Furthermore, the fabric is extremely light, this aim being desired for a reflector designed to equip an antenna placed on a satellite. In this particular case, a rigid support is preferably used, said support being constituted by a honeycomb structure sandwiched between a first coating constituting the front face of the reflector and a second coating constituting the rear face of said reflector.
The honeycomb structure may be made of metal, glass, (Kevlar.RTM.) or of carbon. In addition, the coatings situated on both sides of the honeycomb structure may be made of carbon, (Kevlar.RTM.) or glass.
So as to improve the heat insulation of the reflector, additional heat insulating means are provided on the entire rear face of the reflector. These means may be constituted by a single layer of insulating paint or a stacking of metallized layers and insulating layers. Preferably, a stacking of layers of metallized polyimide and fabric gauzes is used.

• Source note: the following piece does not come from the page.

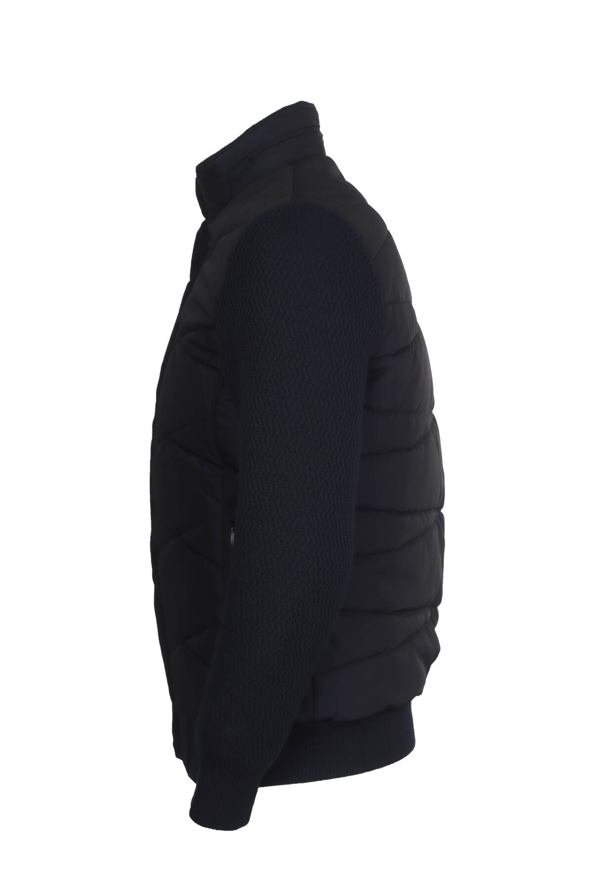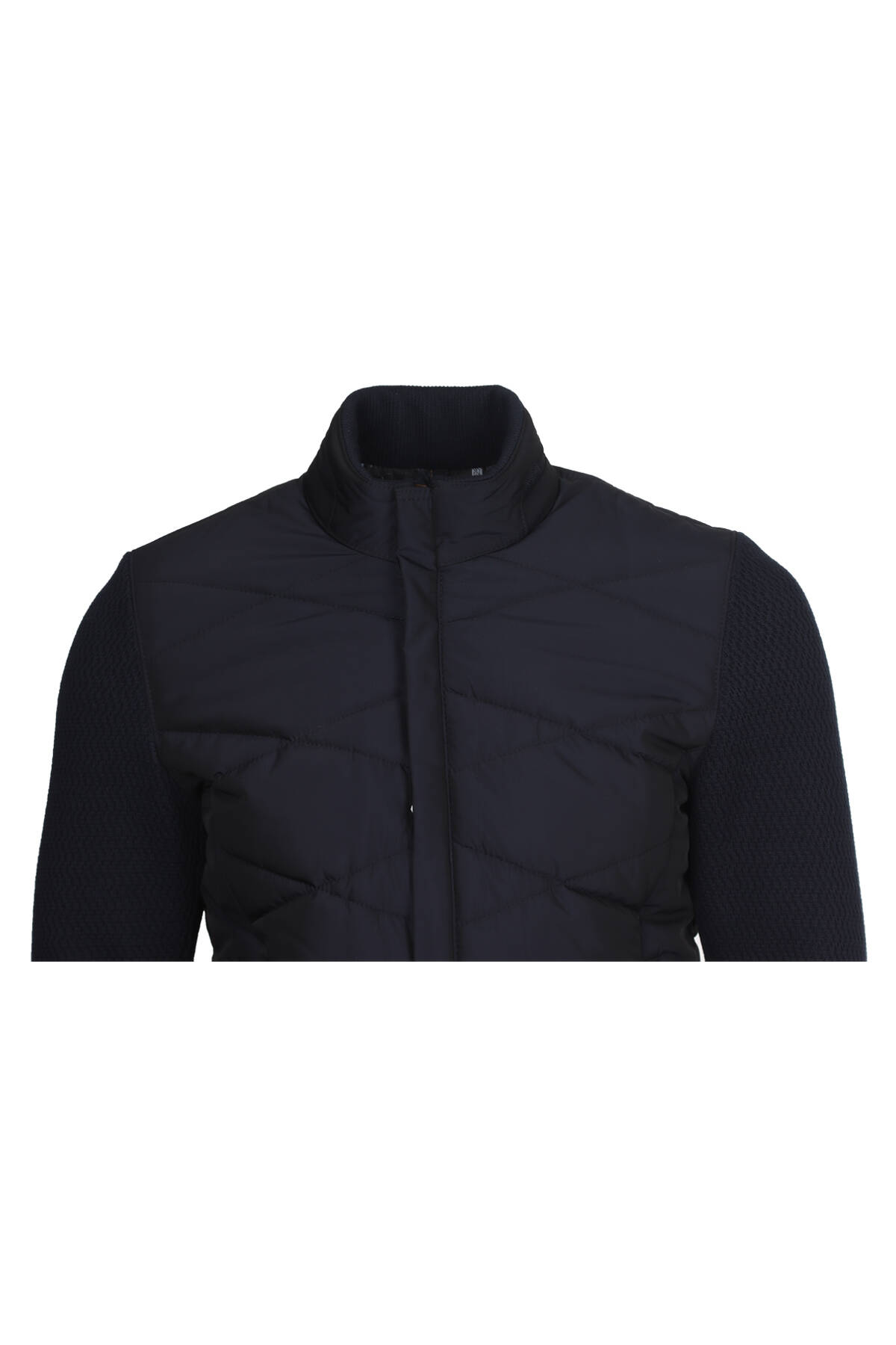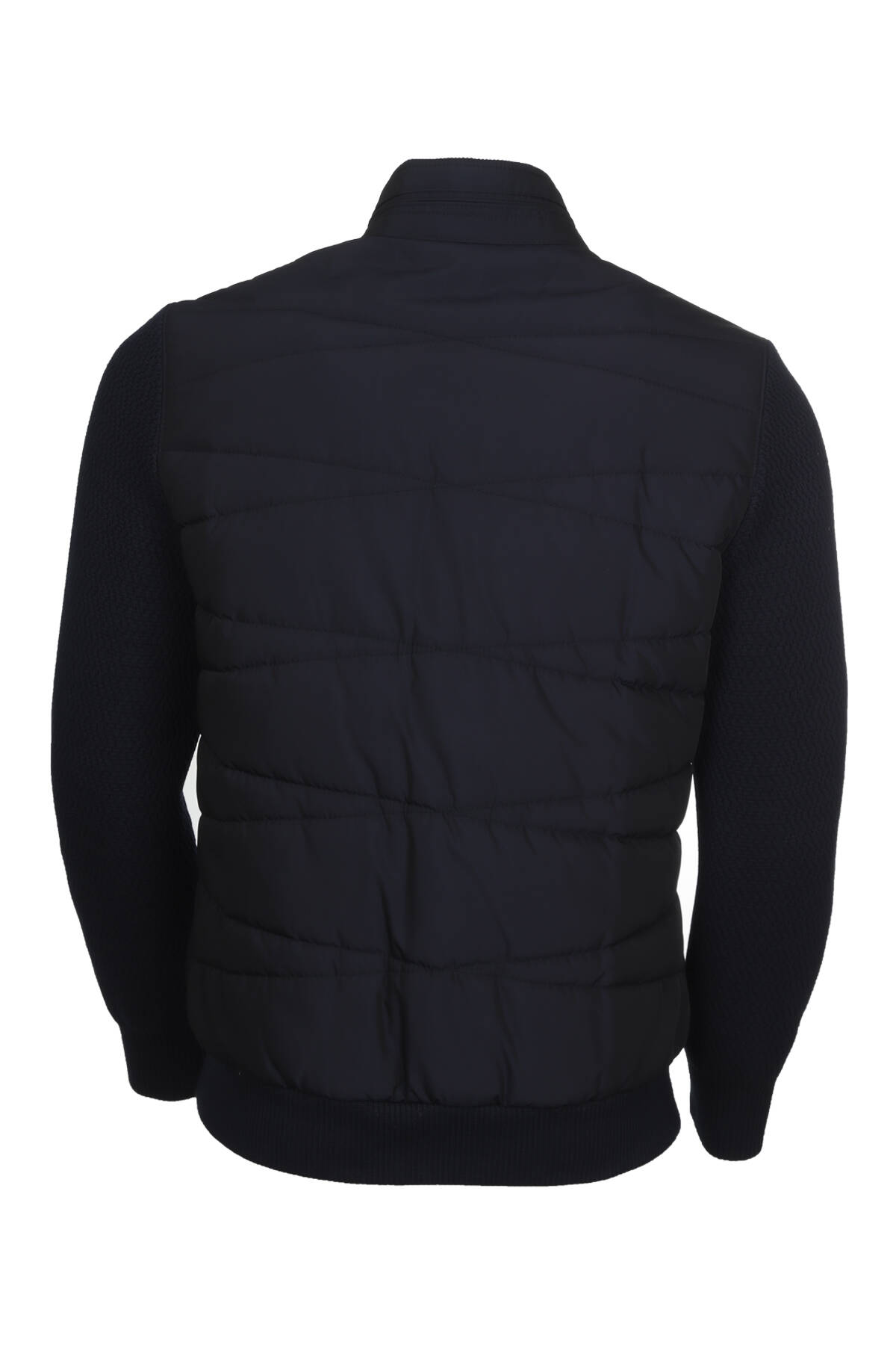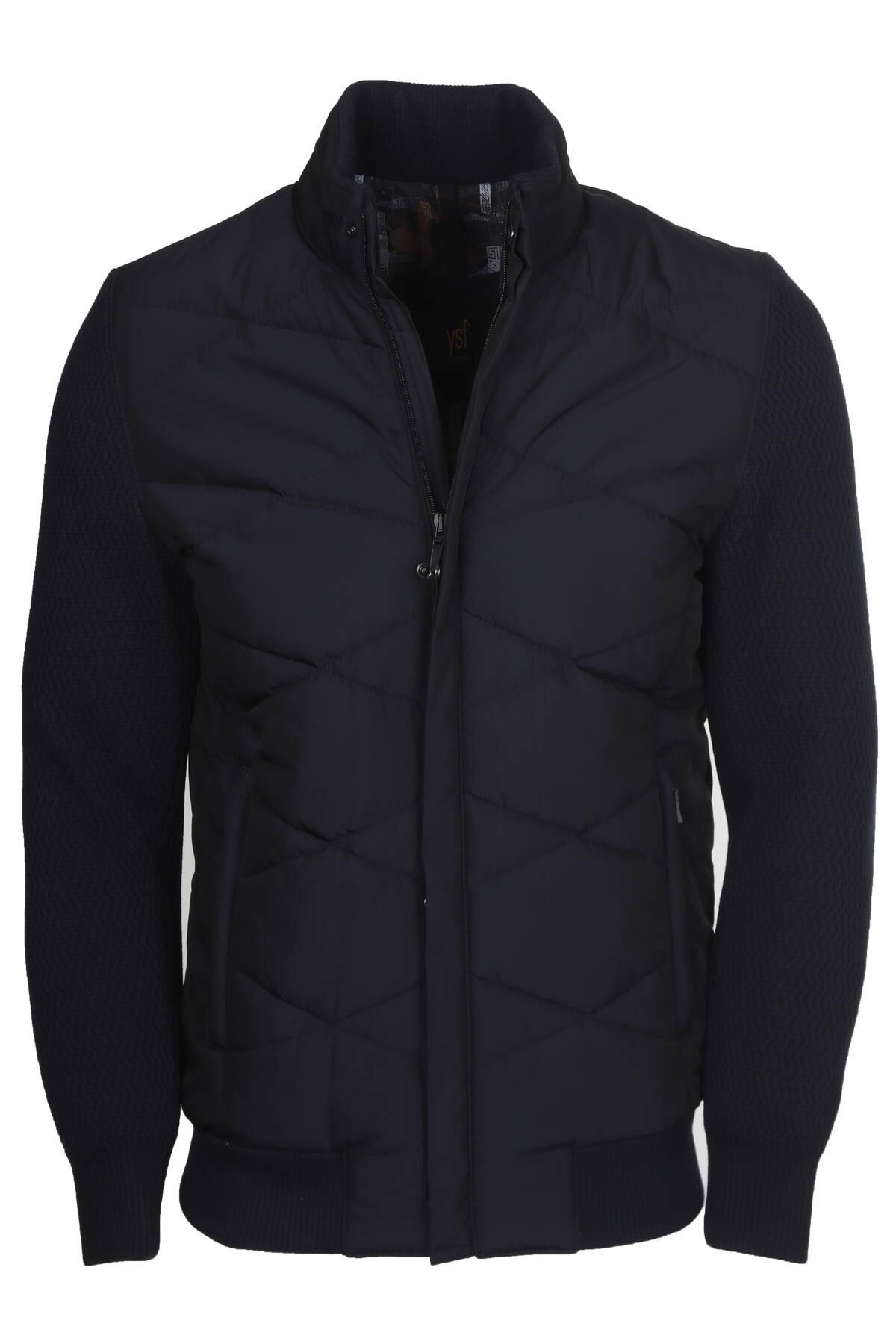Erkek Lacivert Dik Yaka Desenli Triko Kol Spor Mont

Although any fixing device may be used to render integral the conductive fabric and the rigid support, it is preferable to use one or more adhesive strips mounted integrally on the rear face or on the edge of the support, or even on both at the same time. Preferably, an adhesive strip is used mounted integrally on the rear face of the reflector constituted by a first section provided with pins or hooks and by a second section intended to adhere to the first section, generally known as a felt section, the circumference of the fabric being inserted between these two sections.
The object of the invention is to also provide an antenna with a convex secondary reflector embodied as described earlier. This antenna is in particular a "Cassegrain" type antenna with a "centered" or "moved out of center" configuration.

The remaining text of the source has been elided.